Bob Dylan in 1977: the preparation work for “Not Dark Yet”

By Tony Attwood

You could create a whole treatise on the magical lines of Bob Dylan’s songwriting just by working through Street Legal.  In fact you could do just from “Where are you tonight?”  And then, if you had a mind to, you could find all sorts of links to that later masterpiece, “Not Dark Yet”.

Dylan wrote seven of the songs for this album in 1977 – although possibly with some preliminary work in 1976, and for all the people who are not convinced that this is one of the great masterworks from Dylan, there is little I can do but to say either listen to the power of Dylan’s singing on “Where are you tonight”, or look at the lyrics.

Here was a master of the art of songwriting with a million emotions powering around in his brain and trying to find ways to get them into songs that might express where he was at the time.

Lines like

The truth was obscure, too profound and too pure, to live it you have to explode.

And

She could feel my despair as I climbed up her hair and discovered her invisible self.

This is the man who has already invented so many new ways for rock and blues music to evolve suddenly popping up with something utterly new by way of insight and form.  Quite why so many Dylan fans don’t like this album is beyond me.

Maybe the problem for some critics is that Dylan is singing about his life and not the eternal verities – and yet for me that is the key to this work.   It is the eternal verities seen through personal conflict and experience.  Just think of

If you don’t believe there’s a price for this sweet paradise
Remind me to show you the scars

Had anyone in pop and rock ventured into that territory before?  This is the theme of the blues expanded and explored as never before.

And less you think I am reducing this whole album – this whole year – to one song, I would urge to consider the album itself.   It is not all perfection – “No time to think” has its problems with the form given to the song for example, but he still manages to cast an eye over his own past musings mixed up with his own divorce problems.

Judges will haunt you, the country priestess will want you
Her worst is better than best
I’ve seen all these decoys through a set of deep turquoise eyes
And I feel so depressed

And much of this is timeless.  Try this verse

Anger and jealousy’s all that he sells us
He’s content when you’re under his thumb
Madmen oppose him, but your kindness throws him
To survive it you play deaf and dumb

He could be talking about a teacher who tormented you at school or any contemporary idiot in power.  Anyone with power in fact.

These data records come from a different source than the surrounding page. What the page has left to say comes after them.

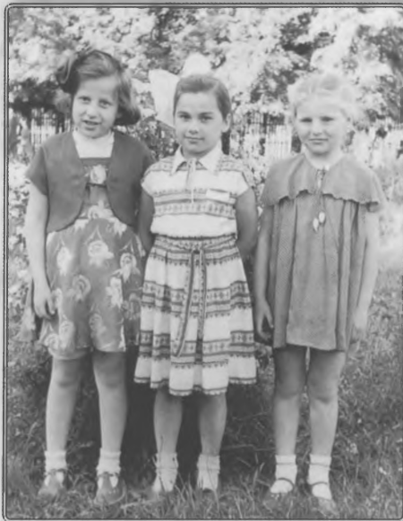
С соседками по даче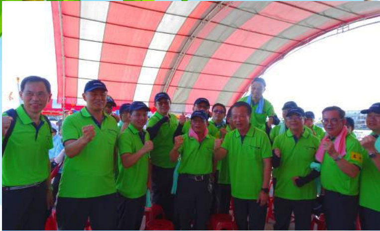
◀翁縣長於賽前帶隊呼喊口號

為歡慶端午佳節，108年端午龍舟競賽於6月7日上午假本縣東石鄉漁人碼頭舉辦；本項賽事由本府主管代表隊與本縣議會代表隊表演賽揭開序幕，本府主管代表隊選手全力以赴，展現絕佳之團隊精神。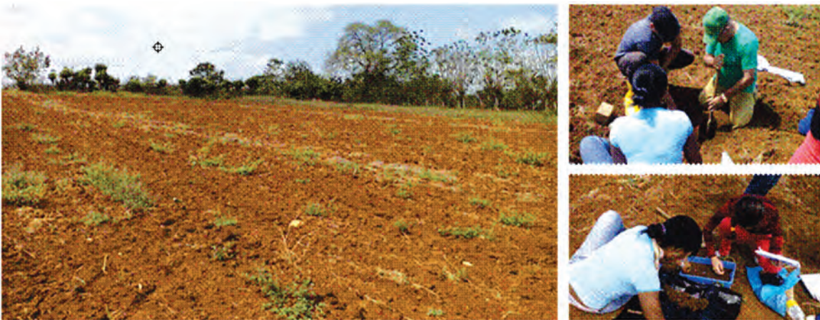
FIGURA 1. Finca “El Mamey”. Área de siembra de gladiolo ( Gladiolus hybridus ). Municipio San José de las Lajas, provincia Mayabeque.

El trabajo fue realizado en dos localidades: i) la Finca “El Mamey” (municipio San José de las Lajas, Provincia Mayabeque) y ii) la Estación Experimental del Instituto de Ingeniería Agrícola (Iagric) “Pulido” (municipio Alquizar, Provincia Artemisa). La primera de ellas, está dedicada a cultivos de hortalizas, viandas y flores, mientras que la segunda posee áreas con cultivo de maíz ( Zea mays ) y frijol ( Phaseolus vulgaris ), y manejo agroforestal con cedro ( Cedrela odorata ) y café ( Coffea arabica ). Ambos suelos corresponden a la llanura Habana–Matanzas, de origen cársico, con clima tropical subhúmedo (Figuras 1, 2 y 3).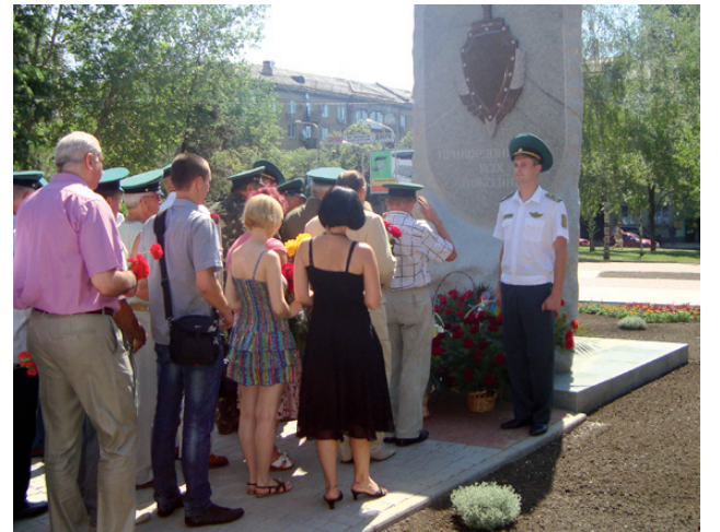
У День пам'яті і скорботи в Запоріжжі відкрито новий пам'ятник «Прикордонникам усіх часів».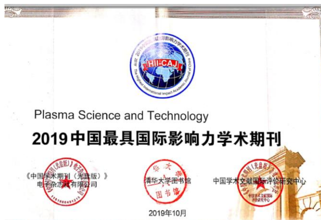
图 2. PST 荣获 2019 中国最具国际影响力学术期刊称号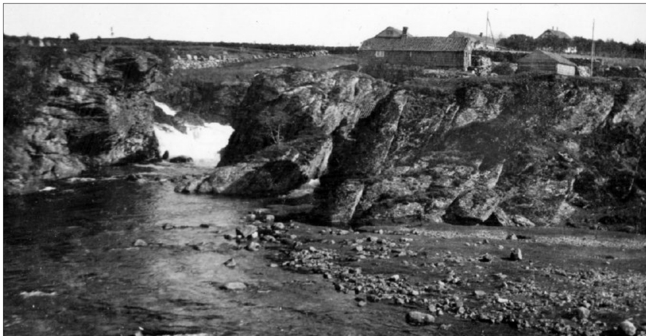
På Fotland – som vi ser her – var det mølle og stampe og det var eiga smie knytta til anlegget. Foto: Peder Netland. * Fotosamlinga i Time Folkebibliotek.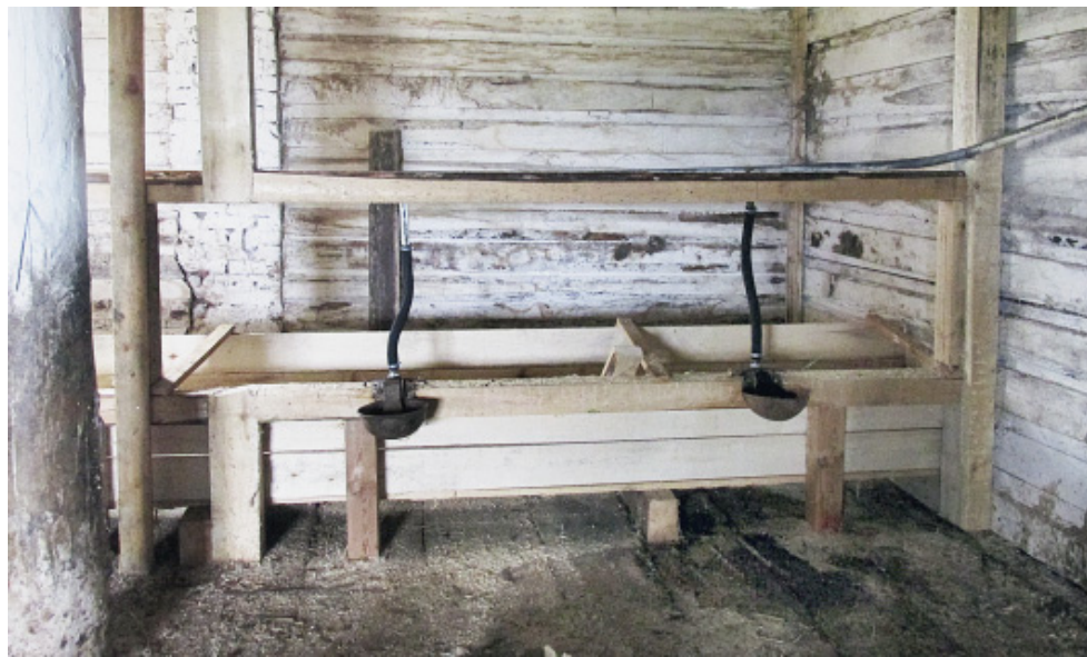
Новые клетки для скота.

And if I still haven’t convinced you yet, try “Changing of the Guards” – one of the very few Dylan songs where the Wikipedia article writes about Dylan’s musical composition, rather than just his lyrics or the production (and I promise, I didn’t write that).  Dylan said of the song “It means something different every time I sing it,” and maybe that is what people don’t like about the whole collection of songs from this year.  It really does change its meaning the more you listen to it.

And it is one hell of a recovery from the previous year when he wrote just one song.

Oh yes and we have Helena Springs popping up too.

  1. Changing of the Guards
  2. Is your love in vain?
  3. Senor (Tales of Yankee Power)
  4. No Time to Think
  5. True Love Tends to Forget
  6. We better Talk this Over
  7. Where are you tonight?

It was dark, but not as dark as Dylan could ultimately imagine.

 

2 Comments

  1. A good case for a record one should not have to defend, I think for many listeners in those days of shallow disco and poppy new wave were not ready for such soul searching… It didn’t help either that the modern studio had become a hostile place for such an intuitive musician as Dylan. But the lyrics of Street Legal belong to his best for the most part, only where he already tried out to be more simple, ( mostly a dead end for him) he lost some of his power.

  2. Street Legal is up there with Dylan,’s best, and that is high praise. Where Are You Tonight is simply staggering. It’s almost like Dylan’s secret ‘Masterpiece’. It’s a shame people don’t know how good this album is.